Arenberg-Nordkirchen
- Conservation status: FAO (2007): critical; GEH: Category I, extremely endangered;
- Other names: Arenberg-Nordkirchner
- Country of origin: Germany
- Distribution: Westphalia

Traits
- Height: 132–140 cm or 141–148 cm;

= Arenberg-Nordkirchen =

Breed of horse

The Arenberg-Nordkirchen or Arenberg-Nordkirchner is a breed of small riding horse from north-west Germany. It was believed extinct in 1985, but in 1995 a small number were discovered, and since 1999 the population has remained stable at about 20–25 head. The Arenberg-Nordkirchen is in the highest-risk category of the Rote Liste (red list) of the Gesellschaft zur Erhaltung alter und gefährdeter Haustierrassen, the German national association for the conservation of historic and endangered domestic animal breeds.

==History==

Germany does not have a long tradition of small horse breeding; the only native small horse is the Dülmener. From the early twentieth century ponies and small horses were imported, mostly from Great Britain, and some private individuals started breeding from them. The Arenberg-Nordkirchen breed was started in 1923 by the then Duke of Arenberg as a semi-feral herd on his estates in Nordkirchen, near Münster in Westphalia. It was based on the Dülmener, from which he intended to create a small and elegant riding horse. His stock was small, with no more than about 40 mares. In 1968 the entire herd was sold to a breeder from Nordkirchen, who introduced other pony and small horse blood to improve its riding-horse qualities. In the 1980s the herd was broken up, and the horses sold in Schleswig-Holstein and North Rhine-Westphalia, where they became part of the regional German Riding Pony populations.
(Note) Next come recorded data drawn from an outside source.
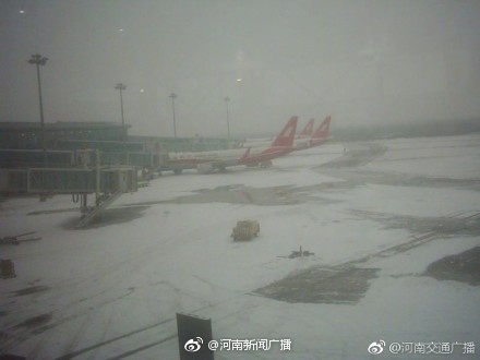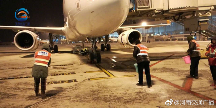 目前,鄭州機(jī)場(chǎng)暫時(shí)符合起降標(biāo)準(zhǔn),但是運(yùn)行效率受到影響,因持續(xù)降雪,飛機(jī) 積冰現(xiàn)象嚴(yán)重,目前已有四個(gè)航班出港,七個(gè)航班進(jìn)港,航班延誤10多個(gè)。
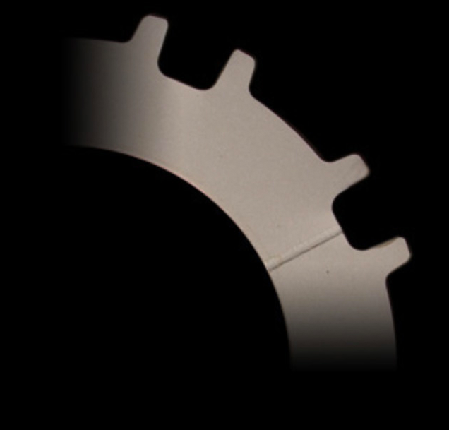 MID PLATE: With a slit on the friction surface. The cooling effect and the segmentation of the friction surface achieve uniformity and contribute to stable torque transmission.
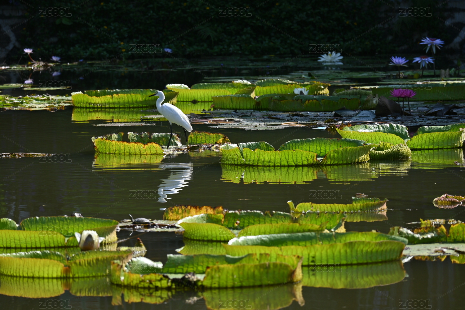 一只白鹭站立在王莲叶片上
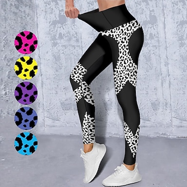 Damskie Spodnie do jogi Podnoszenie pośladków Wyszczuplenie brzucha Wysoka talia Trening w siłowni Bieganie Zdatność Legginsy 3/4 Panterka Geometria Błękit pawi Czarny Żółty Jesień Zima Sport Odzie
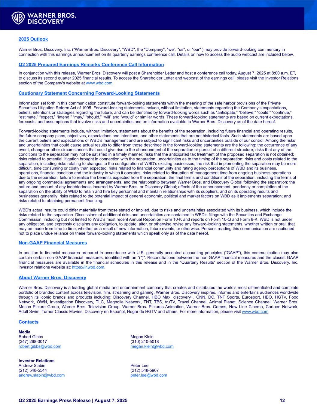 2025 Outlook Warner Bros. Discovery, Inc. ("Warner Bros. Discovery", "WBD", the "Company", "we", "us", or "our" ) may provide forward-looking commentary in connection with this earnings announcement on its quarterly earnings conference call. Details on how to access the audio webcast are included below. Q2 2025 Prepared Earnings Remarks Conference Call Information In conjunction with this release, Warner Bros. Discovery will post a Shareholder Letter and host a conference call today, August 7, 2025 at 8:00 a.m. ET, to discuss its second quarter 2025 financial results. To access the Shareholder Letter and webcast of the earnings call, please visit the Investor Relations section of the Company's website at www.wbd.com. Cautionary Statement Concerning Forward-Looking Statements Information set forth in this communication constitute forward-looking statements within the meaning of the safe harbor provisions of the Private Securities Litigation Reform Act of 1995. Forward-looking statements include, without limitation, statements regarding the Company’s expectations, beliefs, intentions or strategies regarding the future, and can be identified by forward-looking words such as “anticipate,” “believe,” “could,” “continue,” “estimate,” “expect,” “intend,” “may,” “should,” “will” and “would” or similar words. These forward-looking statements are based on current expectations, forecasts, and assumptions that involve risks and uncertainties and on information available to Warner Bros. Discovery as of the date hereof. Forward-looking statements include, without limitation, statements about the benefits of the separation, including future financial and operating results, the future company plans, objectives, expectations and intentions, and other statements that are not historical facts. Such statements are based upon the current beliefs and expectations of WBD’s management and are subject to significant risks and uncertainties outside of our control. Among the risks and uncertainties that could cause actual results to differ from those described in the forward-looking statements are the following: the occurrence of any event, change or other circumstances that could give rise to the abandonment of the separation or pursuit of a different structure; risks that any of the conditions to the separation may not be satisfied in a timely manner; risks that the anticipated tax treatment of the proposed separation is not obtained; risks related to potential litigation brought in connection with the separation; uncertainties as to the timing of the separation; risks and costs related to the separation, including risks relating to changes to the configuration of WBD’s existing businesses; the risk that implementing the separation may be more difficult, time consuming or costly than expected; risks related to financial community and rating agency perceptions of WBD and its business, operations, financial condition and the industry in which it operates; risks related to disruption of management time from ongoing business operations due to the separation; failure to realize the benefits expected from the separation; the final terms and conditions of the separation, including the terms of any ongoing commercial agreements and arrangements, and the relationship between Warner Bros. and Discovery Global following the separation; the nature and amount of any indebtedness incurred by Warner Bros. or Discovery Global; effects of the announcement, pendency or completion of the separation on the ability of WBD to retain and hire key personnel and maintain relationships with its suppliers, and on its operating results and businesses generally; risks related to the potential impact of general economic, political and market factors on WBD as it implements separation; and risks related to obtaining permanent financing. WBD's actual results could differ materially from those stated or implied, due to risks and uncertainties associated with its business, which include the risks related to the separation. Discussions of additional risks and uncertainties are contained in WBD’s filings with the Securities and Exchange Commission, including but not limited to WBD’s most recent Annual Report on Form 10-K and reports on Form 10-Q and Form 8-K. WBD is not under any obligation, and expressly disclaims any obligation, to update, alter, or otherwise revise any forward-looking statements, whether written or oral, that may be made from time to time, whether as a result of new information, future events, or otherwise. Persons reading this communication are cautioned not to place undue reliance on these forward-looking statements which speak only as of the date hereof. Non-GAAP Financial Measures In addition to financial measures prepared in accordance with U.S. generally accepted accounting principles (“GAAP”), this communication may also contain certain non-GAAP financial measures, identified with an "(*)". Reconciliations between the non-GAAP financial measures and the closest GAAP financial measures are available in the financial schedules in this release and in the "Quarterly Results" section of the Warner Bros. Discovery, Inc. investor relations website at: https://ir.wbd.com. About Warner Bros. Discovery Warner Bros. Discovery is a leading global media and entertainment company that creates and distributes the world’s most differentiated and complete portfolio of branded content across television, film, streaming and gaming. Warner Bros. Discovery inspires, informs and entertains audiences worldwide through its iconic brands and products including: Discovery Channel, HBO Max, discovery+, CNN, DC, TNT Sports, Eurosport, HBO, HGTV, Food Network, OWN, Investigation Discovery, TLC, Magnolia Network, TNT, TBS, truTV, Travel Channel, Animal Planet, Science Channel, Warner Bros. Motion Picture Group, Warner Bros. Television Group, Warner Bros. Pictures Animation, Warner Bros. Game

The Arenberg-Nordkirchen was seen at the Berlin International Green Week in 1984, after which it was thought extinct. In 1995 a small number of surviving animals were found. Since 1999 the known population has remained stable at about 20–25 head. In 2007 there were four stallions and eighteen mares.

The Arenberg-Nordkirchen is classed as "Category I: extremely endangered" on the Rote Liste (red list) of the Gesellschaft zur Erhaltung alter und gefährdeter Haustierrassen, the German national association for the conservation of historic and endangered domestic animal breeds; it was listed as "critical" by the Food and Agriculture Organization of the United Nations in 2007. It is not among the 151 horse breeds reported by Germany to DAD-IS.